╭─ ENTRIES SHOWN
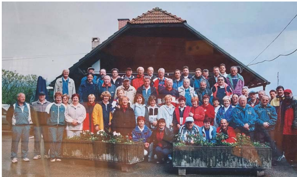
Prijateljsko srečanje med Tk Hoče in Tk Stražišče, ter med Bk Hoče in Bk Stražišče. Hoče, 8. 5. 2004.

Na podlagi javnega razpisa, objavljenega v Gorenjskem glasu, je bilo za izvajalca del izbrano podjetje Športplan, d.o.o., ki je izdelalo načrte; približno v letu dni je ob nogometnem igrišču
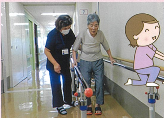
車いす無しで歩けるようになりますように
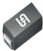
ES2DA M2G TSC (Taiwan Semiconductor) DIODE GEN PURP 200V 2A DO214AC
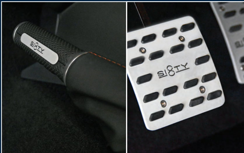
STARTECH Handbremshebel und Pedalauflagen Aluminium, 3-teilig STARTECH Handbrake lever and Aluminium pedal pads, 3-pieces
╰─
Whatever pictures the entries contain, omit them, and write the rest out exactly.

Prijateljsko srečanje med Tk Hoče in Tk Stražišče, ter med Bk Hoče in Bk Stražišče. Hoče, 8. 5. 2004.

Na podlagi javnega razpisa, objavljenega v Gorenjskem glasu, je bilo za izvajalca del izbrano podjetje Športplan, d.o.o., ki je izdelalo načrte; približno v letu dni je ob nogometnem igrišču
車いす無しで歩けるようになりますように
ES2DA M2G TSC (Taiwan Semiconductor) DIODE GEN PURP 200V 2A DO214AC
STARTECH Handbremshebel und Pedalauflagen Aluminium, 3-teilig STARTECH Handbrake lever and Aluminium pedal pads, 3-pieces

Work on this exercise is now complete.